Las termocuplas deben de llevar su cable, y el acondicionador tambien tiene conectores para termocupla. Efectivamente, usar cables de cobre corriente, es un error.


----------



## ronny22 (May 24, 2010)

Saludos, tengo una pequeña duda sobre que configuracion es la adecuada para amplificar la señal de una termocupla tipo k, e realizado varias pruebas simulandolas en proteus y ademas verificandolas en real ("montados en un proteboard").

Si me pudieran dar una idea o sugerencia seria de gran ayuda ya que estoy un poco trancado.

les dejare unas imagenes las cuales estan simuladas en proteus y que se asemeja a la realidad.

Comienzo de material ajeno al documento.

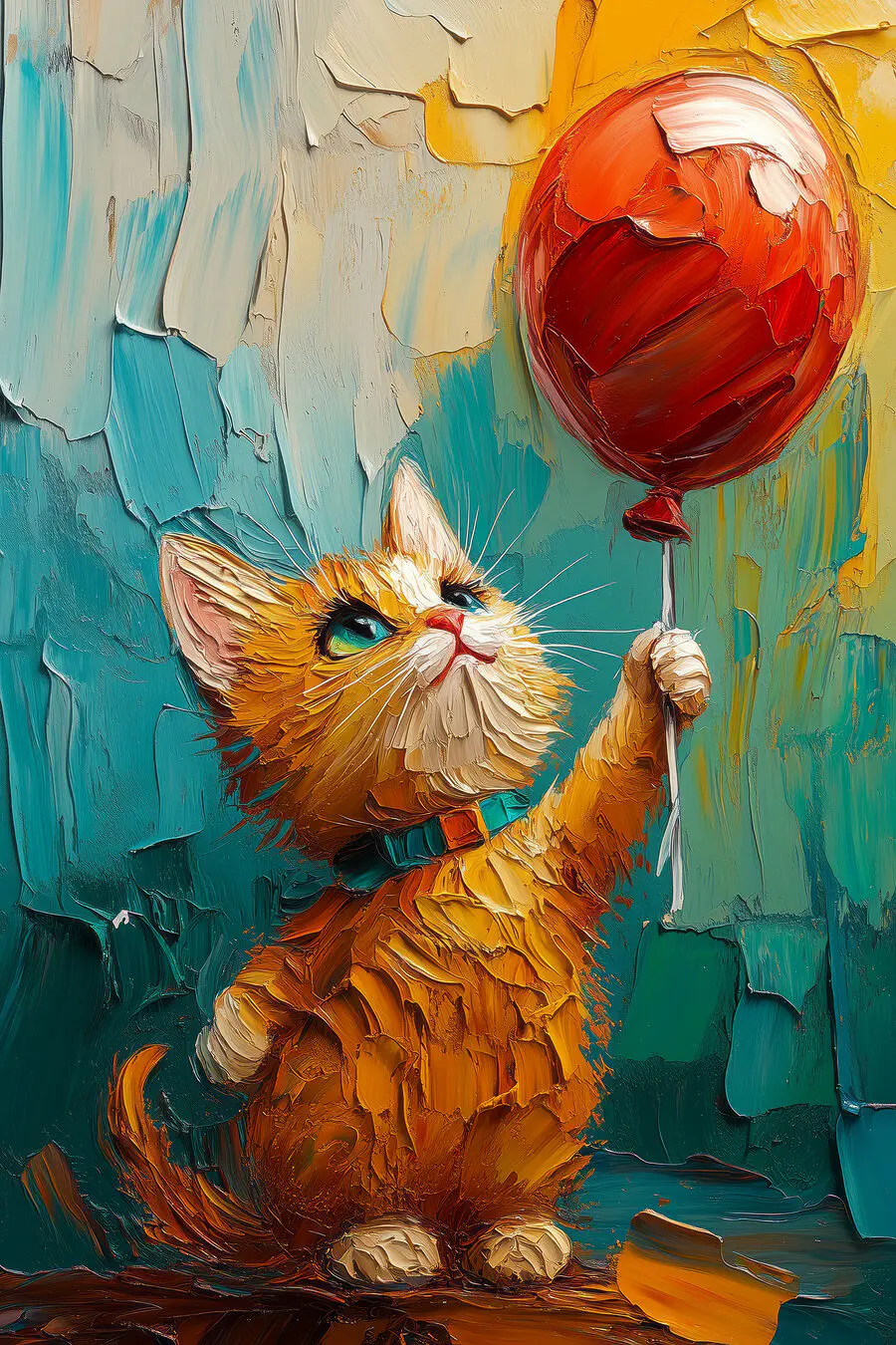 Картина Картина із зображенням кота, який тримає повітряну кульку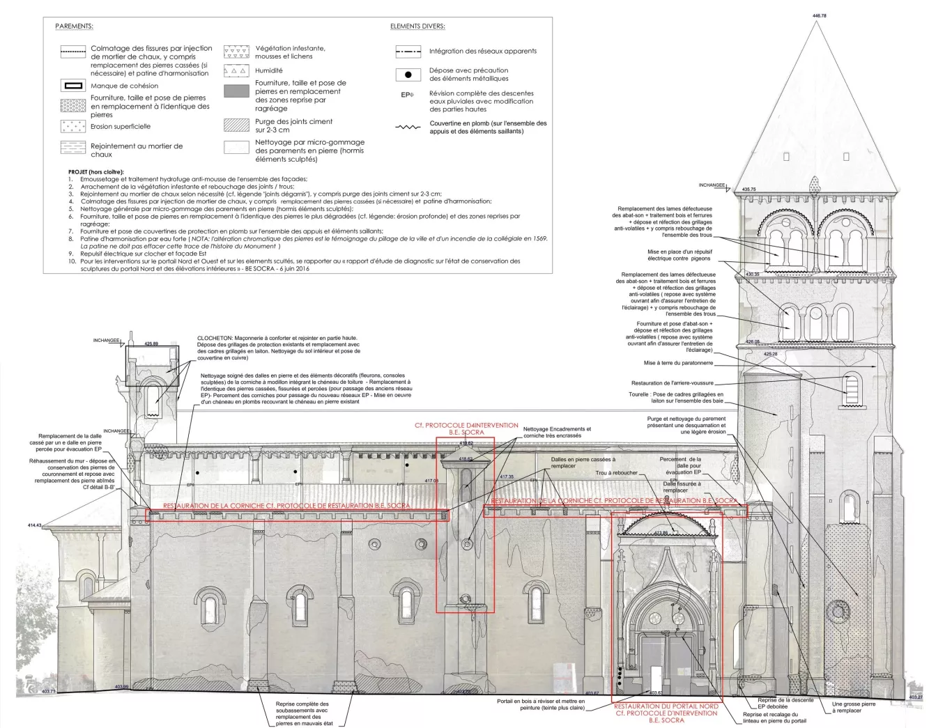 Les zones d'intervention des travaux se concentrent sur l'ensemble des façades de la collégiale y compris le clocher et les toitures.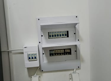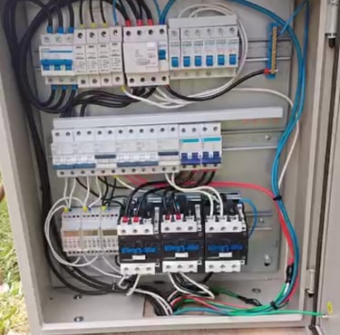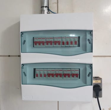 Quadros de distribuição, disjuntores, tomadas, ventiladores e chuveiros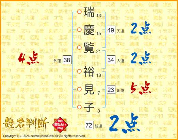 瑞(13画)慶(15画)覧(21画) 裕(13画)見(7画)子(3画)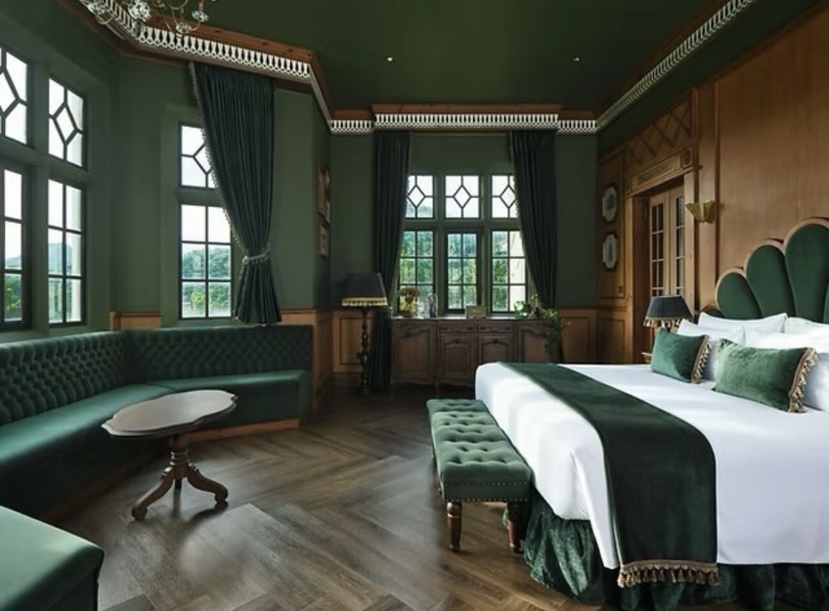 Maison Mystique 約有 17 間房間各自以不同主題呈現,像是 Botanical Obscura、Celestial Lullaby、Siren Reverie 等每間客房都繞著不同的故事為主題呈現,每間都隱含一個小故事,結合復古家具、手工細節與氛圍燈光,讓旅人不只入住,更像進入一個獨立的敘事空間。部分房型設有私人陽台與山景,讓旅人在自然與奢華間找到完美平衡。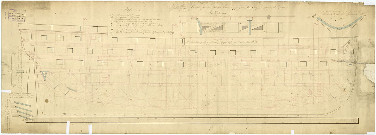 Saint Lawrence (1814). Scale: 1:48. Plan showing a section and part profile illustrating the method of fixing the decks to the sides for Saint Lawrence (1814), a 112-gun First Rate, three-decker, as built at Kingston Naval Yard.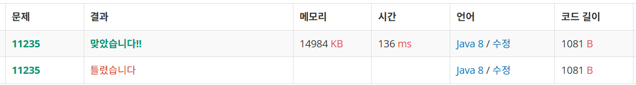 문제(출처: https://www.acmicpc.net/problem/11235)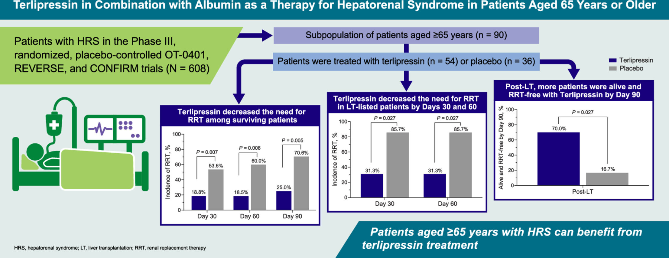 For those patients who were listed for LT at baseline, a difference in the percentage of patients who received a transplant was observed between treatment groups. In the pooled population of patients aged ≥65 years from CONFIRM and REVERSE, 50% of patients who were listed for LT at baseline in the terlipressin group and all patients in the placebo group received a transplant by Day 90. Notably, all patients who received a transplant were alive at the end of the observation period, while 62.5% of those who did not receive a transplant died. One of the limitations of this analysis is that the reasons for not receiving a transplant for LT-listed patients were not recorded.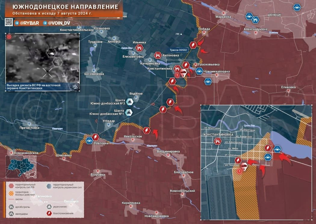 Новая карта боевых действий в зоне СВО на Украине от 8 августа 2024 года
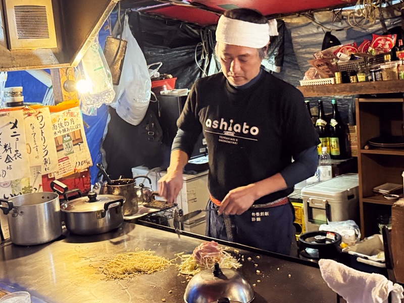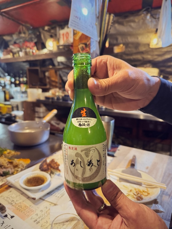 その中で、シシャチョーが事前に調べてくれていた屋台「あしあと」に入る。開店と同時だったがすでに先客がいて、我々は二番目の客となった。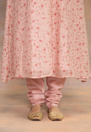 Rose Pink Sanganeri Chanderi Silk Kali Kurta with Hand Embroidery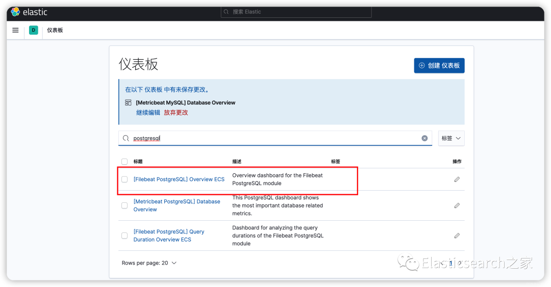 8、点击dashboard进入仪表盘页面,搜索postgresql,点击Overview ECS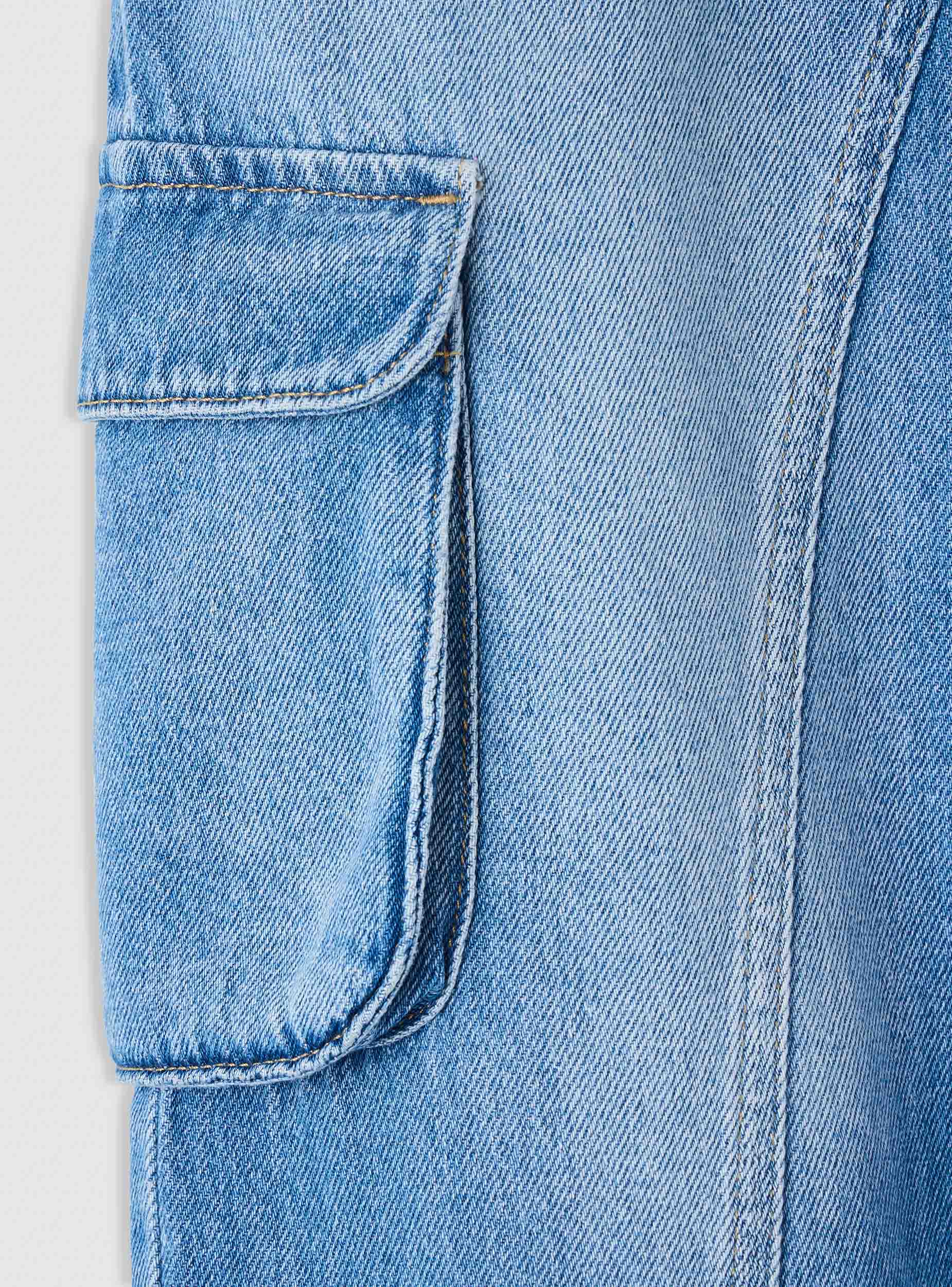 Jeans për fëmijë në stil cargo me ngjyrë të njëtrajtshme, me një përshtatje të gjerë që garanton liri lëvizjeje në çdo situatë. Të pajisur me xhepa të mëdhenj anësorë me kapak, perfekt për një pamje casual dhe funksionale në të njëjtën kohë. Bel me elastik dhe buton që siguron komoditet maksimal gjatë gjithë ditës. Ideal për t’u kombinuar me atlete dhe fanella për veshje praktike dhe gjithmonë në modë me tendencat më të fundit.Detajet

Este circuito amplificador es un diferenciador con el LM358, es el que mejor me ha dado resultados.



Aca el mismo circuito pero sin conectar la termocupla, fijense en la salida del operacional da un voltaje de 0,02, en realidad lo que me da son 2mV.



Este circuito amplificador es un no inversor con el LM358, al conectar la termocupla me da un voltaje aceptable.



Aora el mismo circuito sin la termocupla conectada, fijense en el voltaje de salida, esta configuracion esta probada en real y a la salida del amplificador me da 10,67V



Tambien probe la configuracion no inversor con el LM741 pero sin exito alguno.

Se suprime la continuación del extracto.